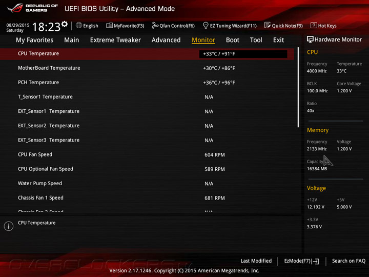 Функции аппаратного мониторинга и настройки режима работы вентиляторов можно встретить в разделе Monitor, где выводятся температуры с трех встроенных и четырёх внешних термопар, отображаются скорости вращения крыльчаток десяти охладителей и показания напряжений на процессоре и основных шинах питания.
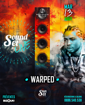 Ton rendez-vous du mardi de ces vacances 2024... c'est le SOUNDSET LIVE. Le mardi 13 août 2024, préparez-vous à vivre une soirée inoubliable ! Le talentueux chanteur de reggae, WARPED, sera en concert live au Sunset. Venez vibrer au rythme de ses mélodies envoûtantes et de ses paroles inspirantes. Ne manquez pas cette occasion exceptionnelle de découvrir ou redécouvrir WARPED sur scène, dans une ambiance chaleureuse et festive. Son hit : "Sa ka bay" compte déjà plus d'un million de vues sur ...
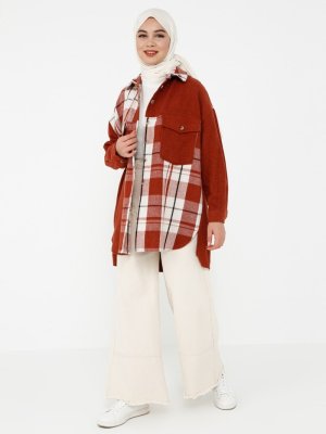 Tavin Kiremit Pamuk Kumaşlı Ekose Desenli Tunik
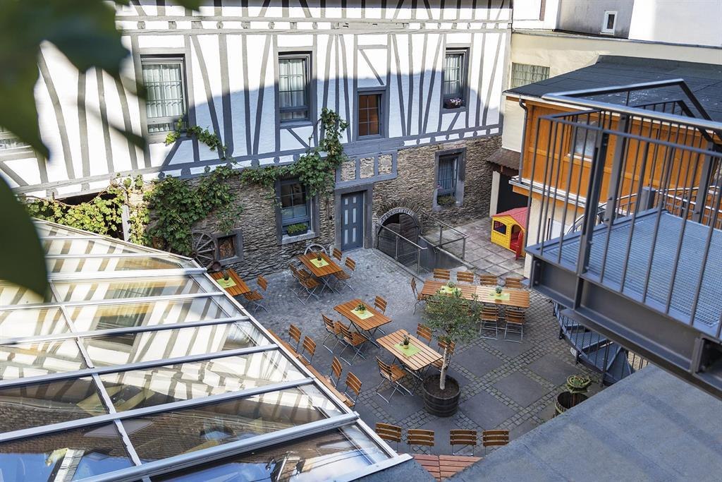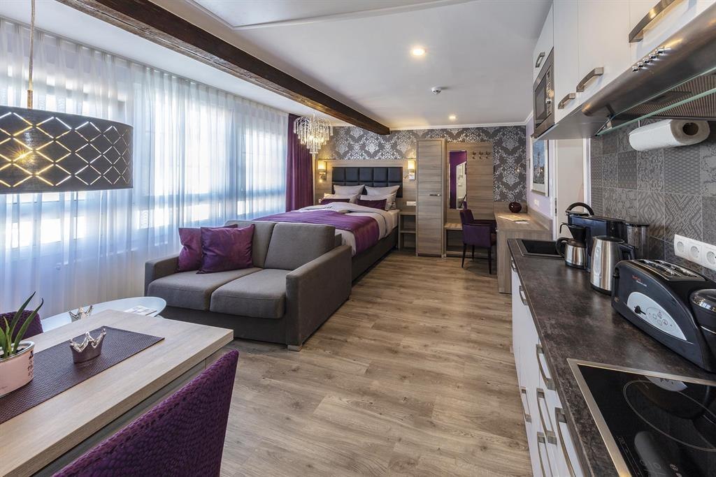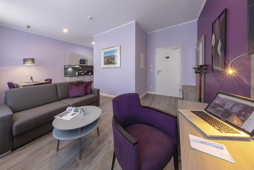 The non-smoking apartments of Haus Burgenheimat belong to the AKZENT Hotel "Roter Ochse" right next door. Haus Burgenheimat has 8 apartments, each with a bedroom, a bathroom and a living area with integrated kitchen and dining area. If you can't stay inside, you can stretch your legs in the small but nice village center of Rhens, which impresses with its historic half-timbered houses and the restored and illuminated city wall. Refreshments are available in the nearby pubs. You can get new impressions and new material for your next undertakings at the Tourist-Info at the old town hall. We are an ideal starting point for extensive hiking tours, impressive boat trips, sightseeing and much more. Conveniently located, only 10 km from Koblenz and Boppard, we are easily accessible by bus and train. The train station is 400 m away and the nearest bus stop is only 130 m away. In only a few minutes you can reach the freeways A61 and A48 by car.
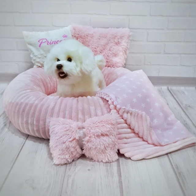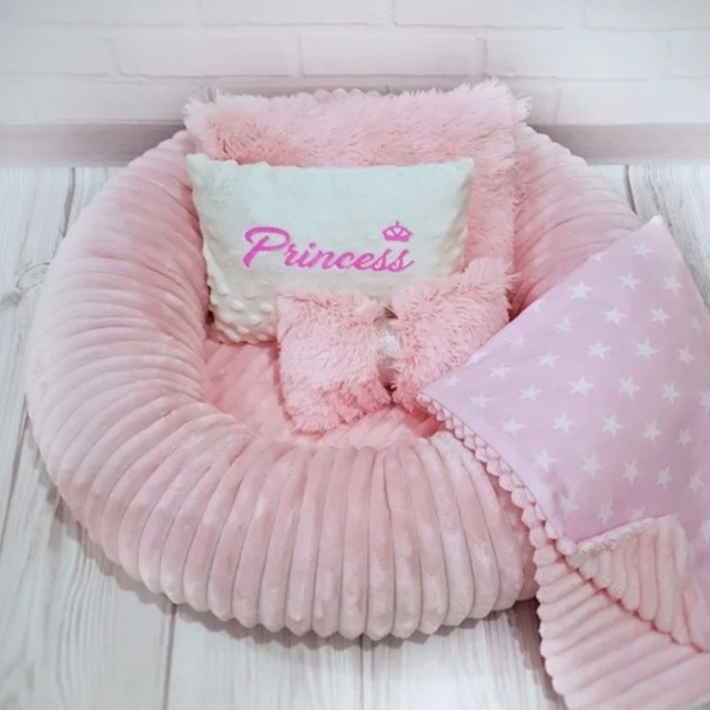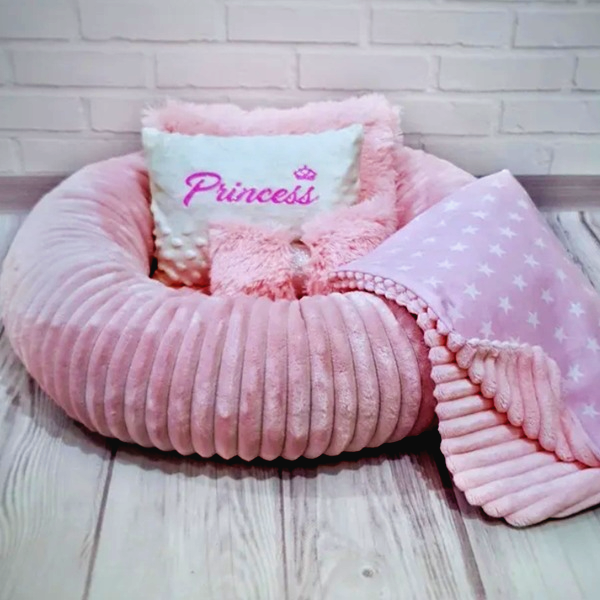 The gray dog and cat bed is the perfect place for your pet. This round bed with sides will provide your pet with coziness and comfort. Mid-size makes it ideal for animals up to 8 kg. The quality of the plush fabric and the moisture-resistant bottom guarantee durability. The set includes 2 decorative pillows, a toy and a fluffy knitted plush blanket.

________________________________________

YOUR INSTRUCTIONS: Repeat the records above exactly, leaving out any pictures they contain.

RESPONSE:
 Функции аппаратного мониторинга и настройки режима работы вентиляторов можно встретить в разделе Monitor, где выводятся температуры с трех встроенных и четырёх внешних термопар, отображаются скорости вращения крыльчаток десяти охладителей и показания напряжений на процессоре и основных шинах питания.
 Ton rendez-vous du mardi de ces vacances 2024... c'est le SOUNDSET LIVE. Le mardi 13 août 2024, préparez-vous à vivre une soirée inoubliable ! Le talentueux chanteur de reggae, WARPED, sera en concert live au Sunset. Venez vibrer au rythme de ses mélodies envoûtantes et de ses paroles inspirantes. Ne manquez pas cette occasion exceptionnelle de découvrir ou redécouvrir WARPED sur scène, dans une ambiance chaleureuse et festive. Son hit : "Sa ka bay" compte déjà plus d'un million de vues sur ...
 Tavin Kiremit Pamuk Kumaşlı Ekose Desenli Tunik
 The non-smoking apartments of Haus Burgenheimat belong to the AKZENT Hotel "Roter Ochse" right next door. Haus Burgenheimat has 8 apartments, each with a bedroom, a bathroom and a living area with integrated kitchen and dining area. If you can't stay inside, you can stretch your legs in the small but nice village center of Rhens, which impresses with its historic half-timbered houses and the restored and illuminated city wall. Refreshments are available in the nearby pubs. You can get new impressions and new material for your next undertakings at the Tourist-Info at the old town hall. We are an ideal starting point for extensive hiking tours, impressive boat trips, sightseeing and much more. Conveniently located, only 10 km from Koblenz and Boppard, we are easily accessible by bus and train. The train station is 400 m away and the nearest bus stop is only 130 m away. In only a few minutes you can reach the freeways A61 and A48 by car.
 The gray dog and cat bed is the perfect place for your pet. This round bed with sides will provide your pet with coziness and comfort. Mid-size makes it ideal for animals up to 8 kg. The quality of the plush fabric and the moisture-resistant bottom guarantee durability. The set includes 2 decorative pillows, a toy and a fluffy knitted plush blanket.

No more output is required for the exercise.